By now we’ve all heard whispers of self-driving vehicles over the last few years. As of late 2019, an opportunity is on the horizon for Hamilton to be at the forefront of the incoming autonomous car wave. Starting later this year, several Hamilton Mountain streets will become testing areas for research into the cars’ sensor capabilities in a city environment — with a back-up safety driver behind the wheel of course. Research and development in this area continues to be made locally through the McMaster Automotive Resource Centre as well. Following our recent transportation woes, I’m inclined to agree with councillor John-Paul Danko, who’s stated this is a win for the city that “speaks back to our history as a manufacturing city”.
Speaking of which, Hamilton’s reputation as a manufacturing city will certainly remain intact. Another opportunity has risen in the form of modular construction. Modular design allows for a building to be 90% completed within indoor facilities, which are then assembled and completed on-site. ED Modular, a subservice of the construction company EllisDon, plans to capitalize on this technology by opening the biggest modular building facility in Canada — right in Stoney Creek (pictured in the cover photo). Modular construction is especially viable because of its environmentally-friendly methods and the speed at which modular buildings can be built at. Furthermore, shortened timelines and indoor construction are great news when confronting long, often harsh Canadian winters.
Stelco, one of Hamilton’s largest employers, is in the business of making steel — not an industry that comes to mind when we think tech. And yet this steel plant is at the forefront of deploying AI in day-to-day steel operations by partnering with Canvass Analytics for optimizing the steel production process using reinforcement learning. Stelco’s CEO, David Cheney, has noted that the implementation of AI has led to “reduced waste, improved quality and optimization of asset utilization.”
Many other industries are being disrupted by tech and several of those tech companies are flocking to Hamilton as their base of operations. Not only has the tech scene in Hamilton been named top 2 in North America for tech opportunity, we’re also Canada’s fastest growing mid-sized city for tech according to a report released by CBRE in 2018. In fact, this past month the techfin company Q4 Inc., a cloud-based investor relations platform, and Ackroo, a customer loyalty and gift card service announced that they will be launching Hamilton offices in 2020.

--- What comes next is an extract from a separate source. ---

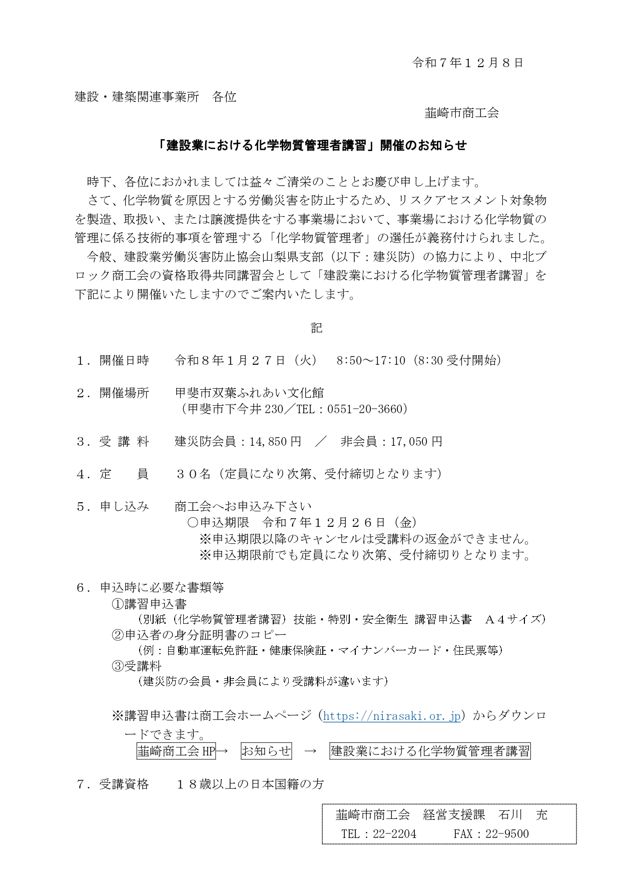 ※通知文をクリックするとダウンロードできます 申込書はこちら↓ 化学物質管理者講習会申込書_PDF 化学物質管理者講習会申込書_Word

Then there’s McMaster Innovation Park, which acts as a support network through their affiliate tech hubs The Forge, Innovation Factory, and the soon to be built Emerging Technology Centre, where once finished, will act as a beacon for young professionals from across Canada and the world. McMaster is certainly leading the charge for exciting and fresh ideas, from becoming the new home for law firm Gowling, to biotech start-up Fusion Pharmaceuticals.
Fred Wilson, an American venture capitalist predicts that a shift to automation will lead to “experiments in reallocating wealth and income”. It’s very possible that retooling how we approach tech as workers and as a city is vital going forward. Rather than fear the Digital Revolution, perhaps we should get ahead of disruption, become acquainted with technology and start the decade on the right AI-assisted foot.